The move comes just days before the Special Tribunal for Lebanon, set up to try suspects over the February 2005 Beirut bomb blast that killed Hariri and 22 other people, opens its doors in The Hague on Sunday.
The three are Lebanese brothers Mahmoud and Ahmed Abdel Aal and Syrian Ibrahim Jarjura, all civilians who were being held on suspicion of withholding information and misleading the probe into the assassination.
However, investigating judge Sakr Sakr rejected demands for the release of two other suspects -- former Lebanese security services director Jamil Sayyed and domestic security chief Ali Hajj, a judicial source said.

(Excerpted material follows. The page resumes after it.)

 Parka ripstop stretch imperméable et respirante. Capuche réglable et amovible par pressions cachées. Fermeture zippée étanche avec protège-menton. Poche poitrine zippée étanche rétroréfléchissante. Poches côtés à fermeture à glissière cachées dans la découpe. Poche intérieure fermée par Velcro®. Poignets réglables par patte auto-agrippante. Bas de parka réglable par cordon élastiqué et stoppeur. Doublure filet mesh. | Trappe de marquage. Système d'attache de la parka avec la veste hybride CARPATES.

They are among four Lebanese generals who were pillars of the security apparatus long orchestrated by Syria, the country's then powerbroker which has roundly denied accusations it was behind the Hariri assassination.

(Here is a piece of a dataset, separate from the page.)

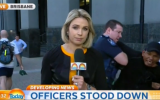 The Today Show reporter, Aislin Kriukelis, was interrupted by the crazed man while he was being arrested. She was updating the 7:30am bulletin on the unrelated story of the suspension of two Queensland police officers.

The other two are Mustafa Hamdan, who headed the presidential guard, and Raymond Azar, who was commander of army intelligence.

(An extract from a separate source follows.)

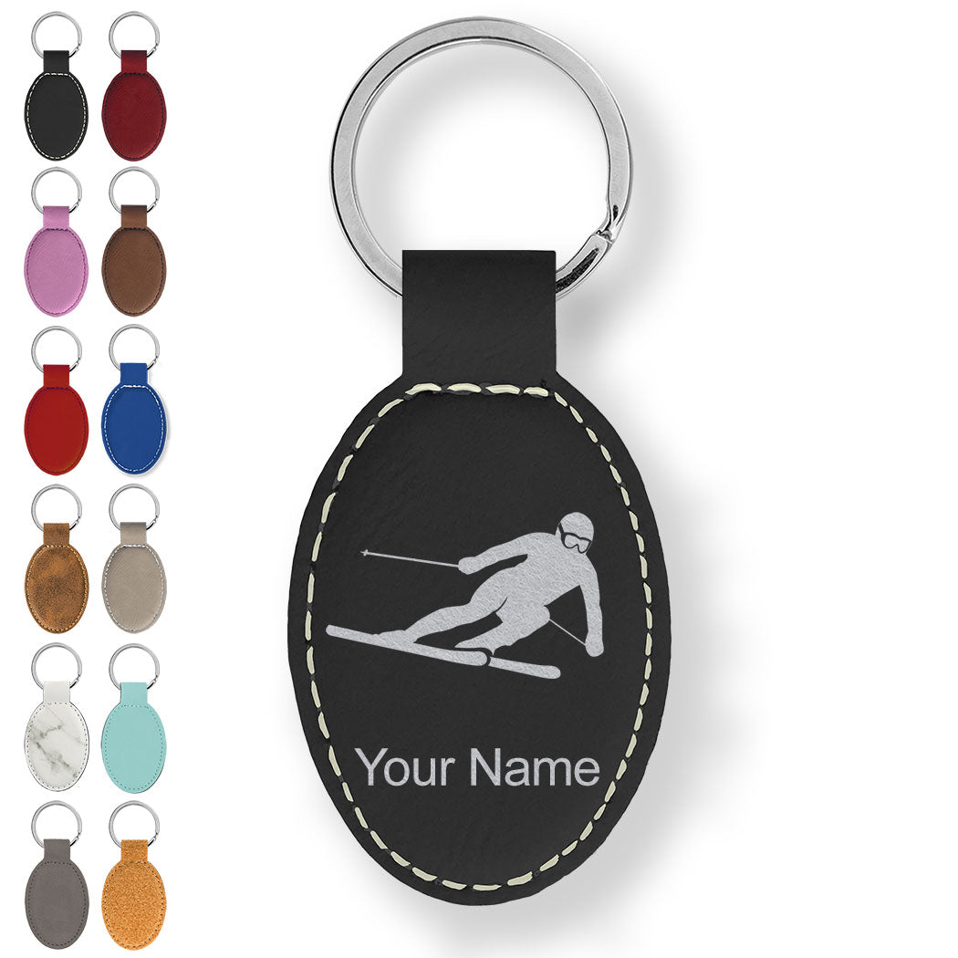 Faux Leather Oval Keychain, Skier Downhill, Personalized Engraving Included

The generals have been detained since August 2005 on suspicion of premeditated murder, attempted premeditated murder and carrying out terrorist acts, but none of the seven was ever indicted for the murder.
Sakr released the two Lebanese brothers on bail of about 300 dollars and the Syrian on about 70 dollars. The brothers were arrested in October 2005 and the Syrian was arrested in January 2006. No reasons were given for their release.
The attack against Hariri on the Beirut seafront was one of the worst acts of political violence to rock Lebanon since the 1975-1990 civil war, and led to the withdrawal of Syrian troops after a 29-year presence.
In its early stages, the UN probe into the murder implicated top Syrian intelligence officials, including President Bashar al-Assad's brother as well as his brother-in-law, but Damascus has consistently denied any involvement.
Syrian Foreign Minister Walid Muallem said on Wednesday after visiting Saudi Arabia on Tuesday that both Damascus and Riyadh "are working for security and stability in Lebanon and for scheduled parliamentary elections there to go ahead" on June 7.
But Muallem told a news conference in Damascus that the question of the Hariri tribunal was not raised by either party because both believe "it is an issue for Lebanon and the United Nations."
The Hariri tribunal has existed on paper since June 2007 when it was brought to life by a UN Security Council resolution, but it is expected to be years before the suspects are actually brought to trial.
The tribunal will be housed in the former headquarters of the Dutch intelligence service and the courtroom itself is to be built in what used to be a spies' gymnasium.
Its budget will amount to about 51 million dollars (36 million euros) in 2009 -- 49 percent of it financed by Lebanon -- and when in full swing it will employ around 430 people.
Eleven judges -- four from Lebanon and seven from other countries -- have already been nominated.